I had the pleasure of collaborating with American/Brazilian dancer Abel Coelho July 6, at What the Dickens.
This blog was how we met.
I wrote about a Dairakudakan Butoh workshop, which Abel took part in.
He left a nice comment about the entry.
And our correspondence began.
He is in Japan again this summer.
We met at Ebisu station near the statute of the god.
We walked over to What the Dickens, then did this together.
Pretty good for two people who just met.
The MC who introduces us at the beginning of the video is poet Tomas.

The Naked Summer

A movie about a summer dance workshop led by Dairakudakan.

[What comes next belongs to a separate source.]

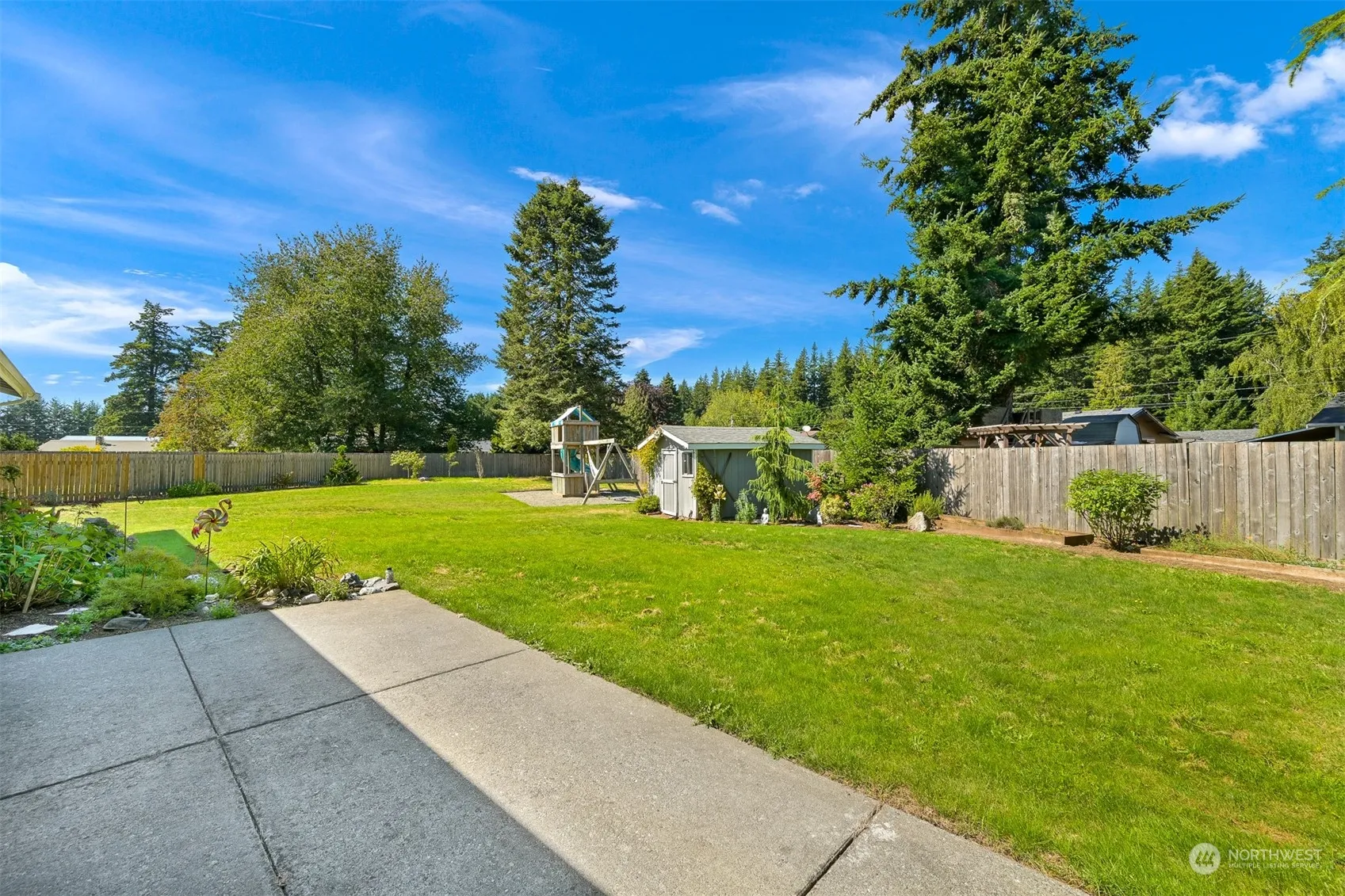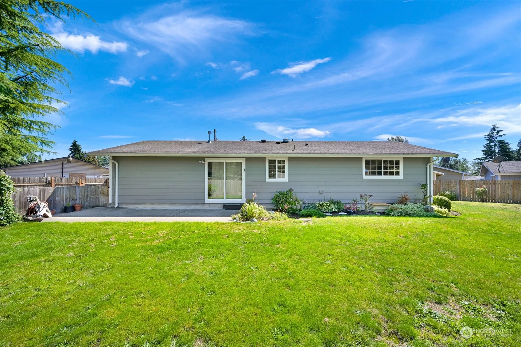 Enjoy one level living in this prime 1/3 acre mid county property providing easy access to Bellingham, Lynden and Ferndale. This 3 bed, 1.5 bath home lives larger than expected with quality hardwood floors, stainless steel appliances, quartz countertops and a floorplan that flows intelligently to all bedrooms and a great room. Outback is a spacious fully fenced yard with a prebuilt play structure, 12’x25′ concrete patio, chicken coop and storage shed/guesthouse. Parking made easy with an attached garage, multiple parking spaces and a large gravel parking area fit for boat or RV. The perfect opportunity to own a great home on a large lot in the one of the best county locations!

Metamorphosis is probably the most exciting event to witness, and that’s exactly what happens in “The Naked Summer,” a film that documents what happens to about 30 youngsters who take a Butoh dance workshop led by Akaji Maro of Dairakudakan in Hakuba, Nagano Prefecture, in 2003.
They jog, cook meals, giggle.
But something extraordinary is about to happen.
Exercises in Butoh are designed to teach the novice the methodology of the dance by confronting those Butoh moments of existence.
Tatsumi Hijikata, the founder of Butoh, is supposed to have said that Butoh is the dance of a corpse.
Students of Butoh were told, as the legend goes, to become a horse, or become a dog, or feel as though their body were covered with ants, and question why your head should be on top of your neck, to achieve the slow, tense and jagged movements that characterize Butoh _ the self-proclaimed antithesis to Western dance.
Watching the youngsters tackle the assignments is fascinating:
_ Feel the space around your body, touching every fingertip, air moving like gel.
_ Sense a tragic accidental moment, even something minor striking, like a splinter piercing your foot.
_ Run and keep laughing.
_ Walk slowly, sliding your feet across the ground, while keeping your head level.
They practice and practice with a passion that’s laughable in its purity. They grimace, stretching and squeezing their facial muscles. They squirm on the floor like worms. They flap their arms, bend their bodies repeatedly, they do lifts until their backs hurt. They collapse on the floor in exhaustion.
But in the act of doing, zenlike, they become Butoh dancers.
The weeklong workshop culminates in an evening performance at an outdoor theater.
When the boys get their heads and eyebrows shaved off, the transformation is almost complete.
The youngsters cut cloth, using patterns, and sew bikini panties _ the sole items of costuming.
By the time they nervously don makeup, painting their bodies with gold paint, they are already strangers, animals from hell trapped in sinewy bodies of Buddhas.
The movie juxtaposes footage of the professional troupe’s performances with scenes from the workshop.
And that’s an eye-opener.
Having watched the novices struggle akwwardly with the simplest Butoh moves that we have seen so often performed effortlessly by the professionals, we now appreciate with more intensity the experienced dancers’ chiseled bodies and controlled movements.
Maro’s body at 60 has never been so stunningly beautiful as we watch him smile, crack jokes, lecture and gaze on with wisdom at those who are trying to take up this legacy of Japanese postwar art.
We know he knows he is running out of time to leave that understanding to the young, and we witness Maro’s recognition of his inevitable death and his sense of urgency.
We are also struck by how unique, definitive and awesome Butoh is as an art form and how it is relevant to the world today and the future these youngsters inherit.
Still, the movie, directed by Kenji Okabe, intentionally doesn’t bother to give the participants’ names, backgrounds.
They are blurs of faces.
They came and they lived a week as Butoh dancers and they will never be the same.
That’s the story this movie wants to tell.
A regular documentary might have gone back, asking some of them for a reaction, demonstrating their return to the everyday.
Instead, the movie simply shows another summer has come _ jogging and exercising under the sunlight is another batch of kids who has come to be reborn as Butoh dancers.